I was running all out by then – dead sprint. I could barely feel my legs, and I had just gotten a glimpse of my family and friends cheering on the side of the finishing chute.

A few seconds later, I crossed the line.

“Oh shit,” I said again.

It’s all I could say. All I could even think.

My mother, who saw me mouth those words, was worried that something was wrong.

My husband, who knows what my strongest running stride looks like better than anyone, was ecstatic. He watched me sprint by, looked at the clock, and thought the exact same thing I did: Oh shit.

It was the performance of my life. He knew it, and I knew it. It was a time I never dreamed I could run. A time I would have told you was impossible even in the final moments leading up to the race.

And yet, there I was. Across the finish line in 20:29.

And do you want to know why I love running so much? Here’s why:

Each and every race result is so much more than the sum of the time it took to cover the course. The fact that I ran 3.1 miles in 20 minutes and 29 seconds isn’t meaningful on its own. On its own, it’s simply a distance and a time. Some people will run faster and others will run slower, so what matters isn’t the time itself, it’s what the time represents to the runner.
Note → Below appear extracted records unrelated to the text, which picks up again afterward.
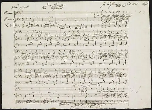 A third variation was written during the night of 21 February 1818. Schubert and Anselm Hüttenbrenner, a friend and fellow composer, had finished a few bottles of Hungarian wine when Anselm commented that his brother Josef was an aficionado of Schubert's work. Schubert completed a copy of "Die Forelle" that was "somewhat messy".[27] The messiness was partly accounted for by Schubert's drunken state, but also explained by the accompanying note he wrote to Josef: "Just as, in my haste, I was going to send the thing, I rather sleepily took up the ink-well and poured it calmly over it. What a disaster!"[27] The manuscript was held by the Hüttenbrenner family for a number of years and was photographed in 1870, before being lost.[3][28] Schubert wrote a further version in 1820 for publication in the Wiener Zeitung,[14] and a final copy in October 1821 for publication in the Neue Ausgabe. The final version has "a five-bar piano prelude"[29] and is presently in the Gertrude Clarke Whittall Foundation Collection of the Library of Congress.[30][31]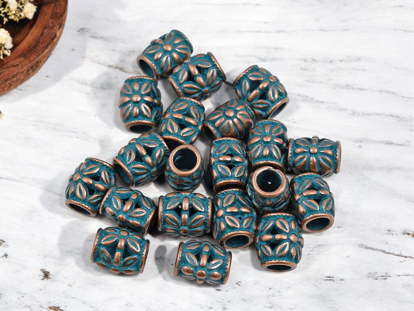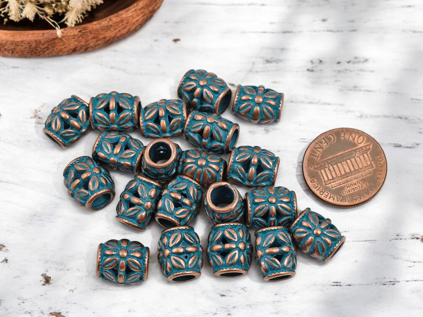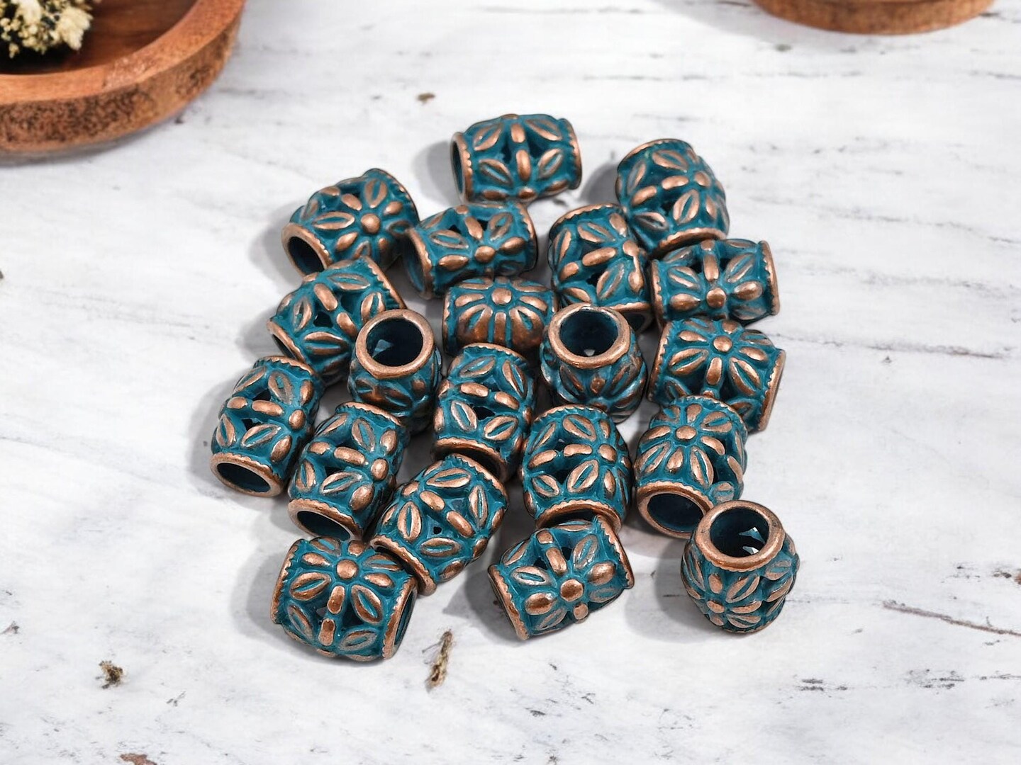 *20* 11x10mm Copper Patina Large Hole Barrel Beads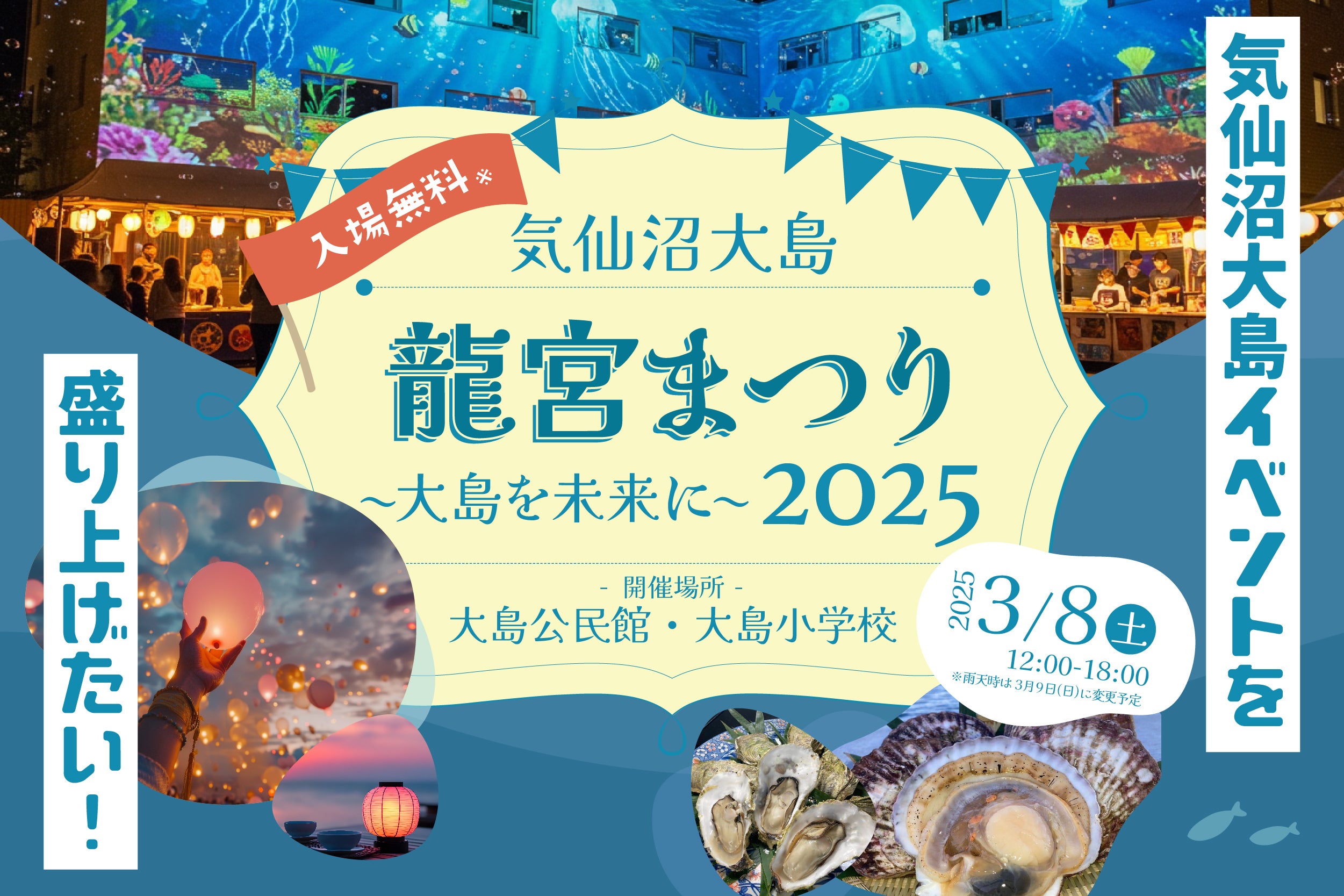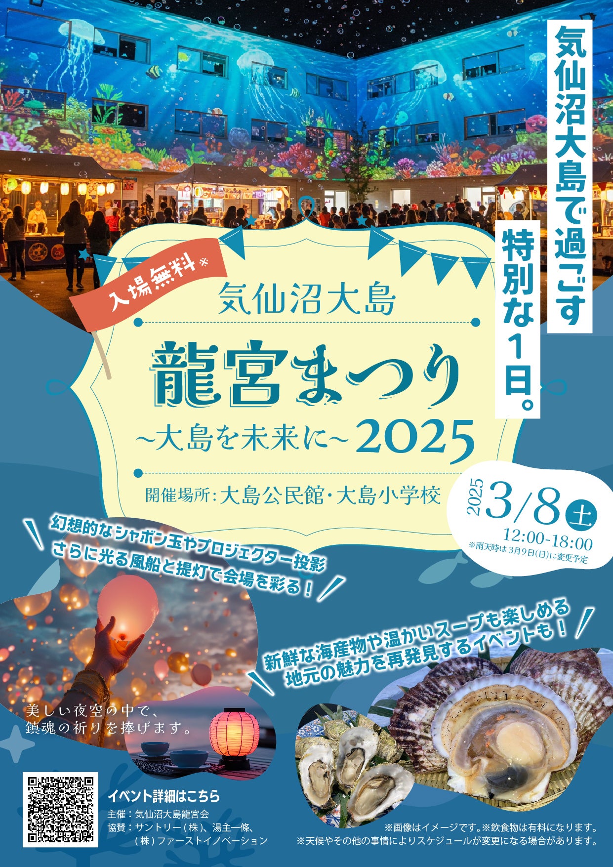 この度、2025年3月8日に、宮城県の気仙沼大島で1日楽しめるイベント「気仙沼大島 龍宮まつり2025 〜大島を未来に〜」を開催いたします。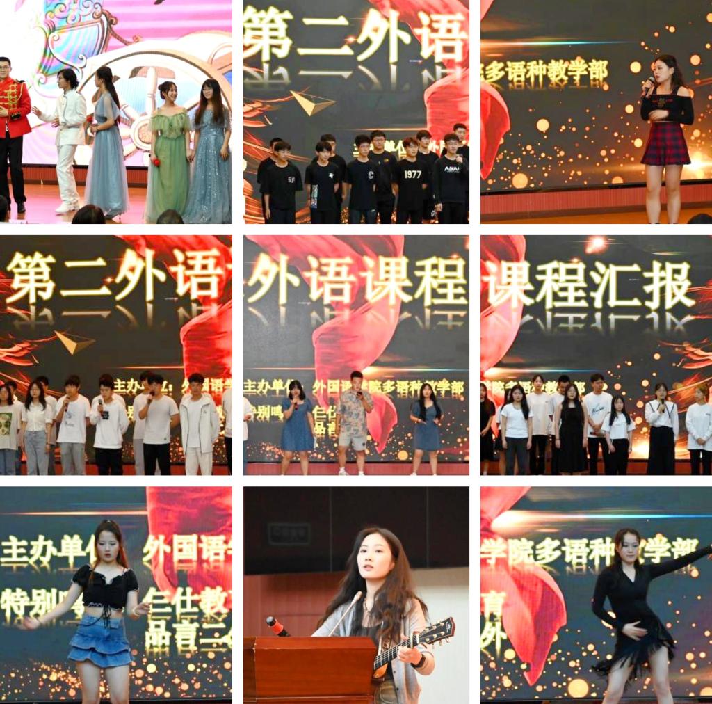 本次課程匯報在外國語學院多語種教學部教師們的精心組織和全校學習7種第二外語同學們的積極編排下,為全校師生帶來了一場國際化多語種的視聽盛宴,有效展現了我校第二外語的教學成果。匯報會上,多語種教學部全體教師上臺與觀眾見面,介紹學校第二外語人才培養理念、課程開設情況與學生學習情況。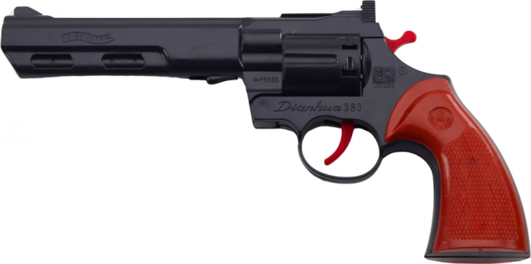 Ce revolver populaire, inspiré des classiques du western, apporte un effet saisissant et des détails fidèles. Grâce à son barillet rotatif et à la possibilité d’utiliser des amorces, il crée une impression de tir authentique, tout en restant adapté au jeu sans artifices pyrotechniques. La finition noire avec des accents rouges souligne son style.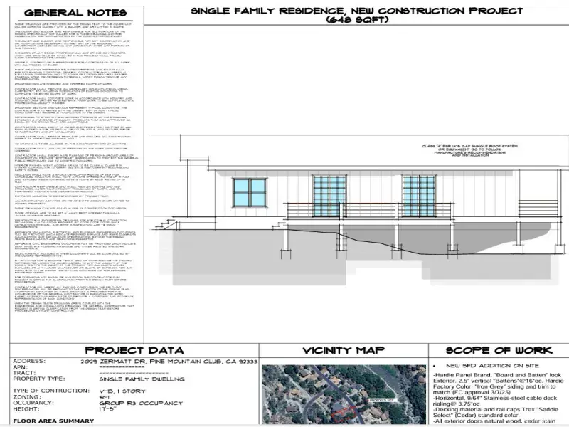 There are complete architectural and engineered plans for a 720 square foot, craftsman style house that can be included. The plans have already been Reviewed by the HOA (the Environmental Committee {EC} in Pine Mountain Club) and have been engineered, stamped and ready to submit to Kern County. Complete build-out specs for cost are available!
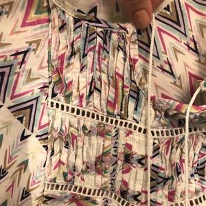 Flattering blouse perfect for wear at a business casual office. Beautiful chest detailing and tassels which are great for playing with while thinking at said office. Looks good with khakis or jeans.
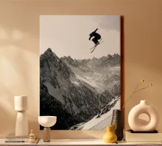 Provate il brivido dell'avventura alpina con questo splendido poster "Chamonix", che mostra le vette mozzafiato di una delle destinazioni sciistiche più iconiche del mondo. L'audace disegno diagonale mette in evidenza uno sciatore a mezz'aria, che si libra sullo sfondo drammatico di aspre montagne innevate e nuvole tempestose. Questa composizione monocromatica evoca sia la maestosità che la sfida delle Alpi. Perfetto per gli appassionati di sci, gli avventurieri o gli amanti dei paesaggi montani, questo poster porta lo spirito di Chamonix nel vostro spazio. Ideale per la casa, l'ufficio o la baita, è un omaggio alla bellezza e alla bellezza delle Alpi.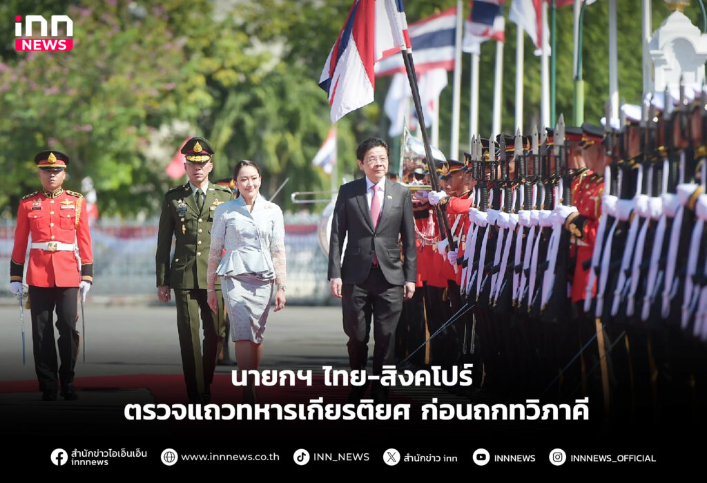 นายกฯไทย-สิงคโปร์ ตรวจแถวกองทหารเกียรติยศ ณ สนามหญ้าหน้าตึกไทยคู่ฟ้า ทำเนียบรัฐบาล ก่อนหารือทวิภาคี 2 ประเทศ กระชับความสัมพันธ์ระหว่างกัน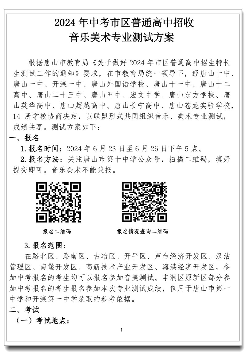 唐山市第一中学2024年面向原市区招生范围招收音乐特长生(美声、小提琴)和美术特长生(绘画、设计)。其中音乐特长生要求获得业余七级以上证书。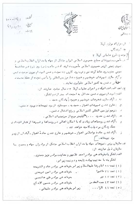 قرارگاه مرکزی کربلا، نخستین طرح عملیاتی کربلا ۳ از سلسله عملیات دوازده گانه مصوب را برای آزادسازی سرزمین اشغالی و فتح کربلا به منظور آزاد سازی خرمشهر، هویزه و پادگان حمید ابلاغ میکند.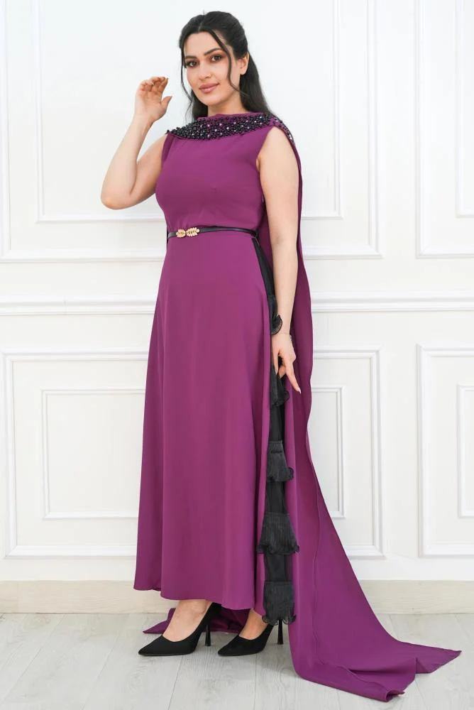 فستان سهرة ضيق بلا اكمام بفتحة صدر وجوانب
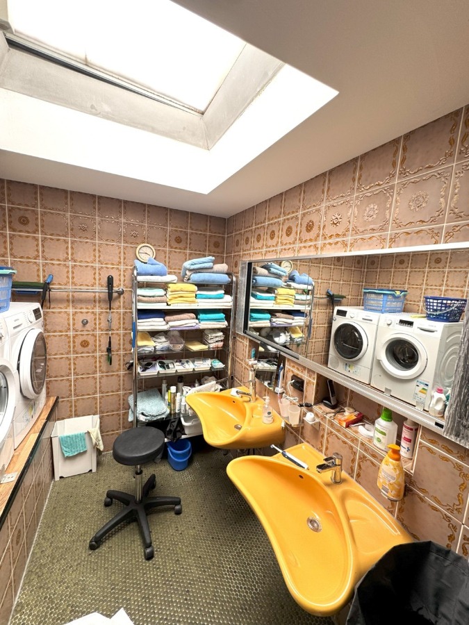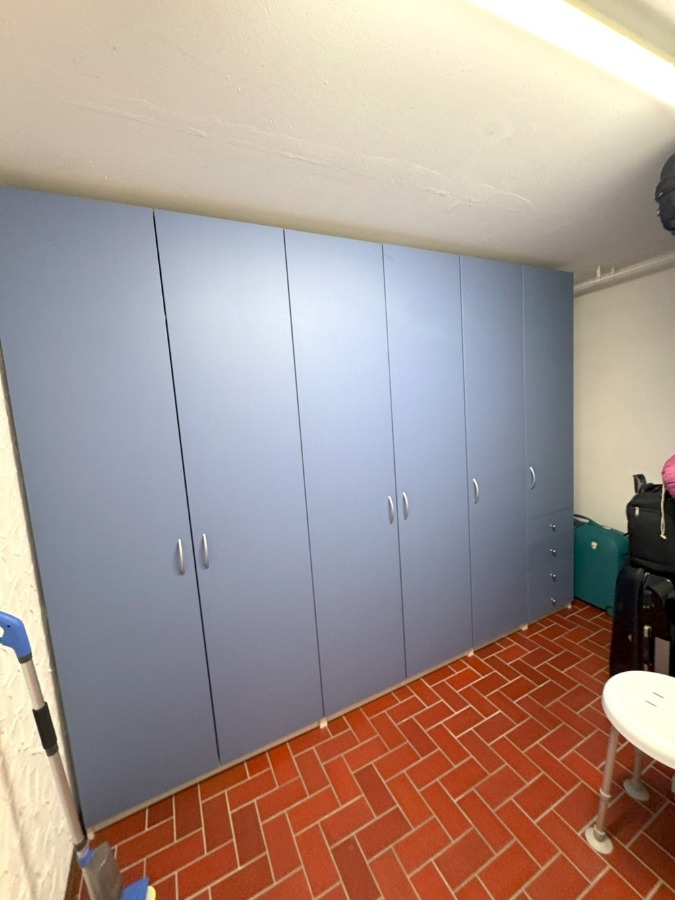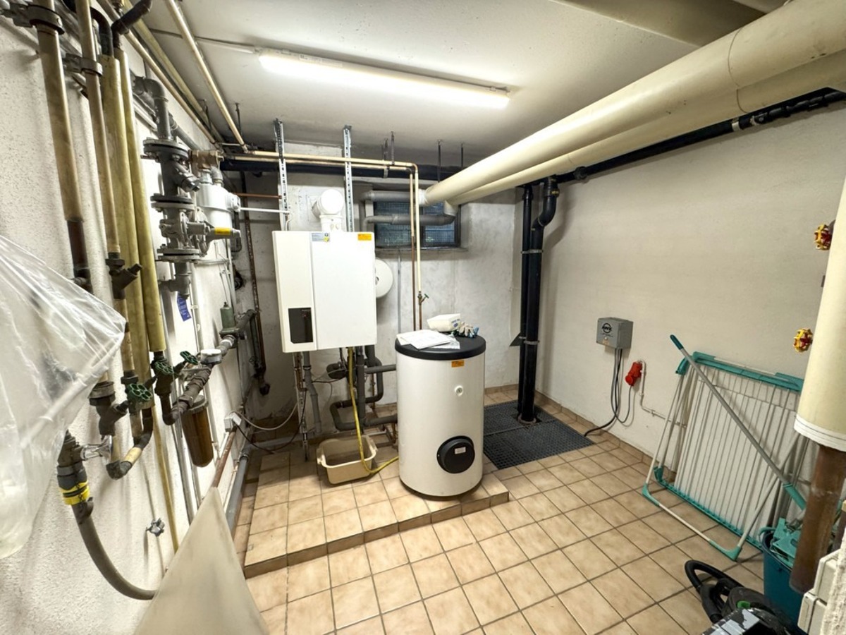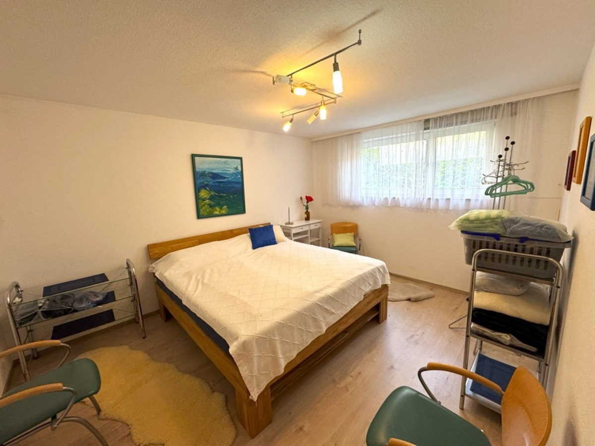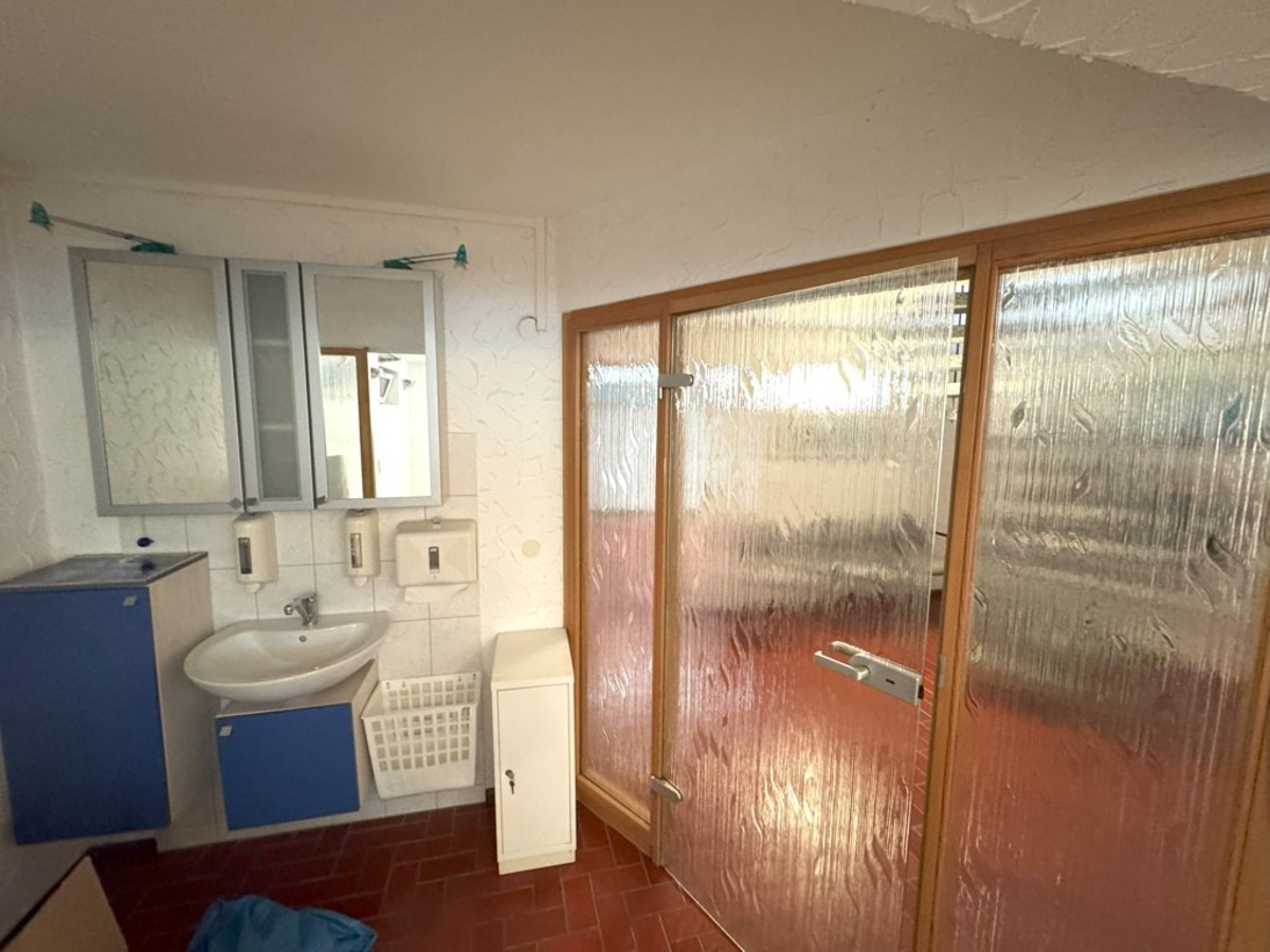 Im hellen Unterschoss / Souterrain verfügt das Haus ebenfalls über eine großzügige Diele, ein weiteres Schlaf-/Gästezimmer, einen großzügigen Hobby- oder Praxisbereich (ehemals Praxis) mit Übergang zu einem weiteren Raum (mit Zugang zum damals geplanten, vorbereiteten Schwimmbad), ein Duschbereich, ein Ankleide bzw. Kleiderschrankbereich mit Vorbereitung einer Sauna, einen Hauswirtschaftsbereich, den Keller/Weinkeller sowie den Heizraum mit erneuerter Gas-Zentralheizung.

And to me, this time is everything, because hidden inside those 20 minutes and 29 seconds you’ll find almost four years worth of sweat and pain and fear and growth.

I think back to my very first run, on a Sunday morning in May 2011, when I could barely make it through two full minutes of shuffle-jogging. I was terrified that morning. Desperate to quit drinking, running was the only thing I could think of that might give me a way out of that hole, but I was such a beginner that every step I took felt like a deathly leap into the unknown.

I started running because I needed something to believe in. I needed to believe in myself. I needed to know that I could endure, that I could push myself, that I could start something I had no idea how to do and that I could keep going no matter what.